Тридцать славилось ханов –

Об отважном расскажем… — это третий голос, иногда он тихо поет, и Персефона раздвигает руками темное марево, чтобы послушать. Песни обычно о снеге, о битвах, о возращении домой, о какой-то бестолковой нимфе, которая зачем-то таскается за третьим голосом и врет, что любит его, хотя он знает, что не любит, да он и сам ее не любит, а врет, что любит, и так они ходят вдвоем, как два идиота, тяготясь присутствием друг друга вместо того, чтобы разойтись. Потом они с этим кое-как примиряются и начинают считать друг друга друзьями. Но ничего нормального из этого не получается. Потому, что если любить прекрасных нимф еще можно, то в качестве друзей они обычно никакой критики не выдерживают.

Когда третий голос поет, он ничего не рассказывает. Не такое у него тогда настроение. Но Персефоне нравится песни, нравится их слушать. Песнь про Гэсэр-хана («тридцать славилось ханов…») он поет в три приема, и Персефона слушает. Второй голос слушает тоже, царица слышит его дыханье, и только появление четвертого голоса заставляет второй и третий исчезнуть. Тогда снова становится больно, горько и обидно, и Персефона стремится спрятаться от четвертого голоса, разговорах о материнской любви и истеричных слезах.
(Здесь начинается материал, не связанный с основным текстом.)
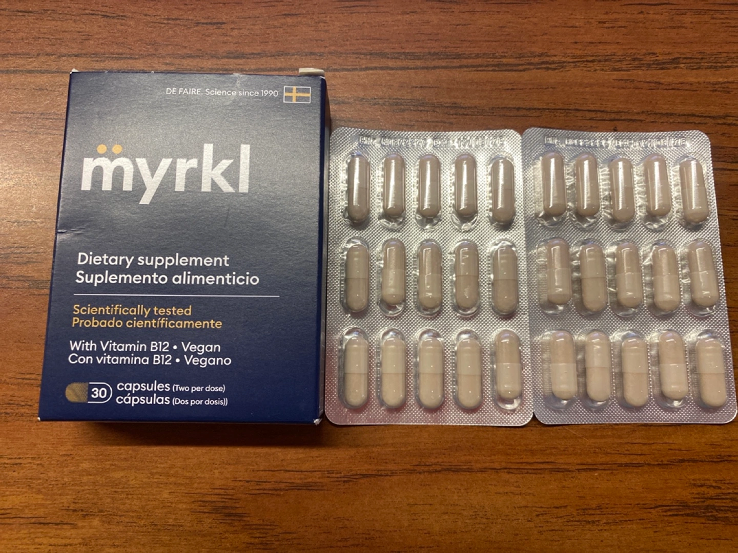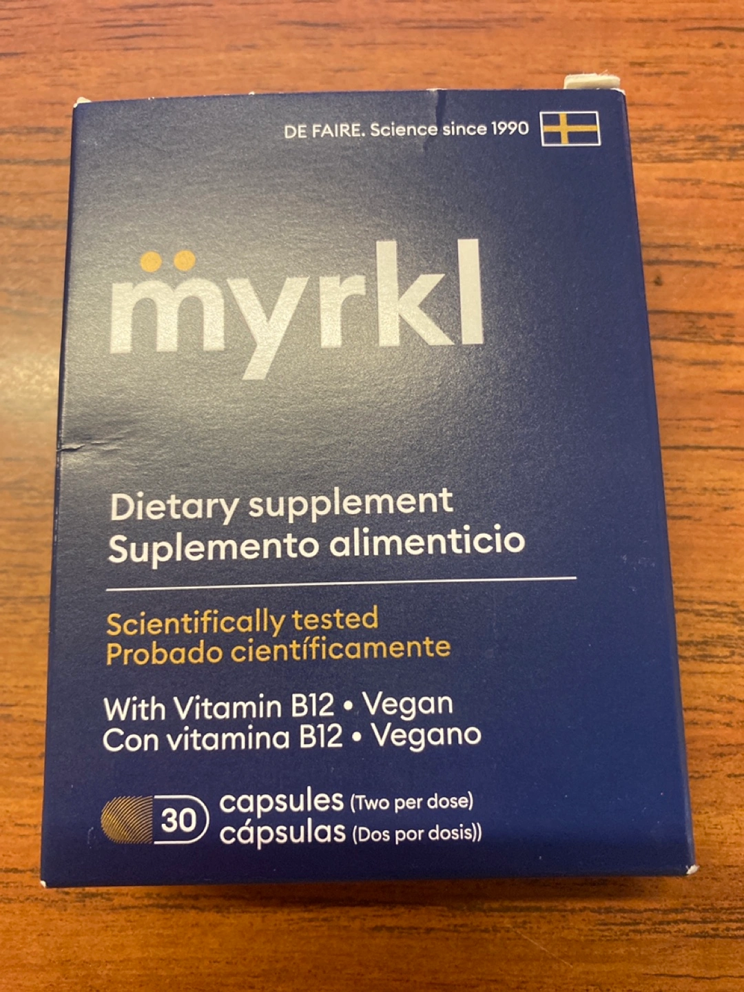 New, sealed box of Myrkl Vegan Vitamin B12 dietary supplement. 30 capsules, two per dose. Scientifically tested. Vegan. Additional information on Amazon. Exp date is 8/17/25.

В какой-то момент она вдруг осознает, что стоит у черты. Стоит — и боится перешагнуть, потому что там, впереди, в бархатистой тьме зарождается жизнь, и тьма уже становится чем-то иным. Потому, что шагни — и уже не выплывешь, не вернешься. Но стоит ли возвращаться? Стоит ли? Стоит?..

Но тут снова появляется третий голос, и снова начинает петь, и Персефона невольно прислушивается.

Речь в этой песне идет о незабвенном Гэсэр-хане, герое предыдущей песни, который полюбил прекрасную воительницу Другмо. Но воительница Другмо не спешила отвечать на чувства Гэсэр-хана, она не понятно с чего влюбилась в его лучшего друга, шамана из далеких земель, который ее не любит, а любит только свободу, снег и метель. И Другмо ему ну вообще незачем, да еще и перед Гэсэром неудобно. И вот Гэсэр-хан и его друг-шаман начинают строить козни и придумывать коварные планы, чтобы Другмо разочаровалась в шамане и оценила наконец Гэсэра. Получается у них с переменным успехом — Другмо влюбляется в Гэсэра, но считает себя обязанной принадлежать шаману, который когда-то исцелил ее раненого отца. Вдобавок ее похищают дэвы, чем путают планы друзей, и Гэсэру с шаманом выступают в поход, попутно совершают кучу подвигов и наживают столько же неприятностей. Огребает в основном шаман из-за своего мерзкого характера и желания не афишировать свое участие в подвигах чтобы не впечатлить Другмо еще больше. Гэсэр-хан тоже от шамана не отстает, и желание друга «не привлекать к себе внимание» не разделяет, полагая, что тот заслуживает место в легендах.

Персефона слушает и не может оторваться. Она даже отступает от черты, потому, что там звуки смазываются, а она не хочет пропустить ни слова.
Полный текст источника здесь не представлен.